SHANGHAI (Reuters) - Banks in China’s financial hub Shanghai have been asked by authorities to limit loans to property developers for land purchases and to scrutinize would-be borrowers suspected of trying to access mortgages by getting divorced, the Shanghai Daily reported on Friday.
The steps were the latest in a string of measures around the country to try to cool a property market seen at risk of overheating.
Quoting unidentified commercial bankers, the newspaper said banks were told that housing developers should pay at least 30 percent down on residential projects instead of relying on bank loans.
It said some developers had put only 10 percent down on projects and raised the remaining funds through bank and gray-market loans.
Banks were also asked to reject mortgage applications of people who had divorced within three months, it quoted an internal filing from a Shanghai-based rural commercial bank as saying.
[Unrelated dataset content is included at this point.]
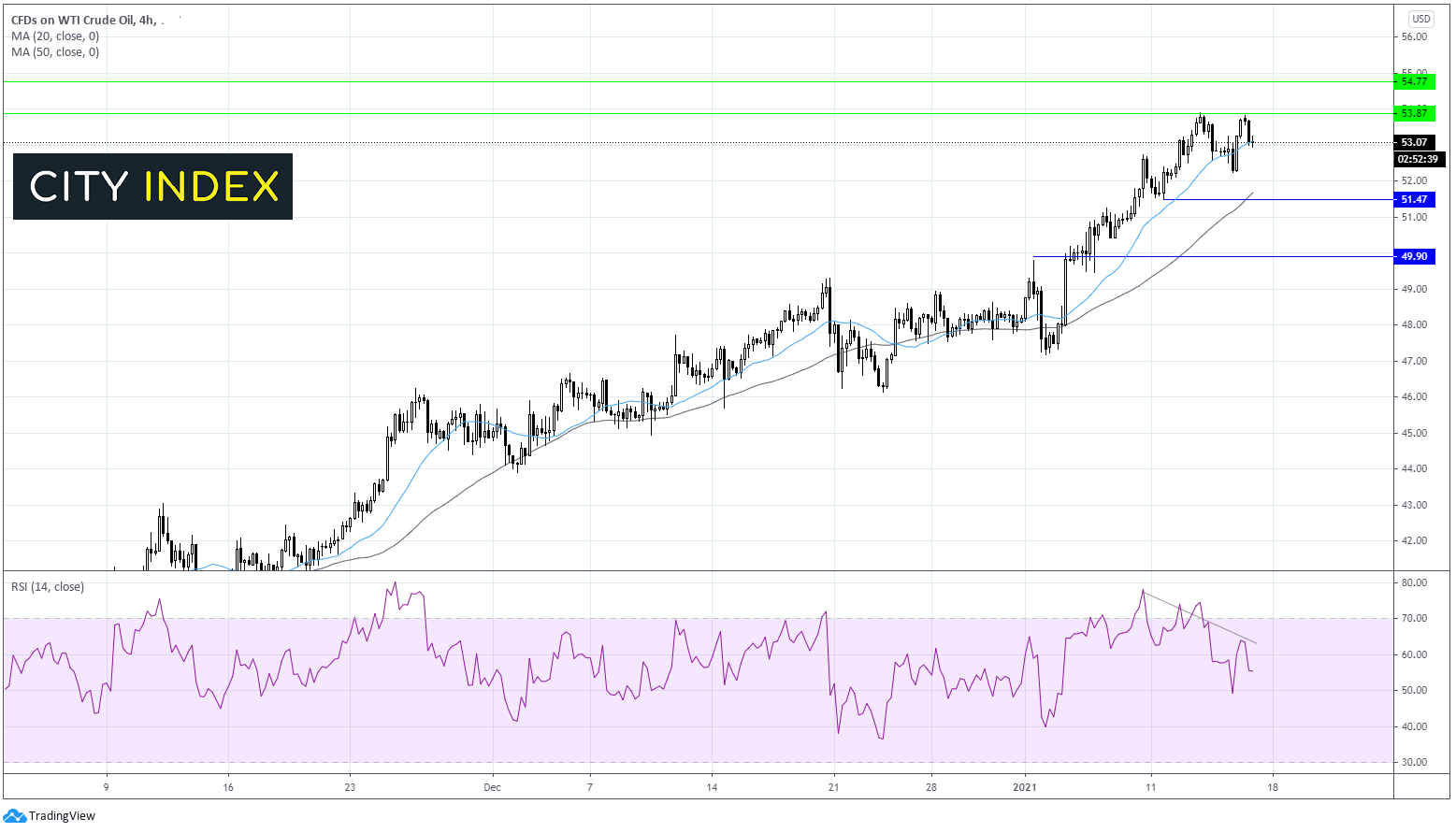 即使如此,油价整体趋势看涨,关键阻力分别在54和54.66(2020年高点)。逆转当前上涨趋势需要下破50。

A property price rally has prompted a home buying frenzy in parts of China, in some cases prompting couples to get divorced to circumvent buying restrictions and invest in multiple homes.
Police last month detained seven property agents in Shanghai for spreading rumours of plans for a new government regulation that caused a rash of divorces and a rush to buy new homes.
On Wednesday, the Shanghai branch of the China Banking Regulatory Commission, the country’s banking regulator, held a meeting about rising housing prices with major lenders, the newspaper reported.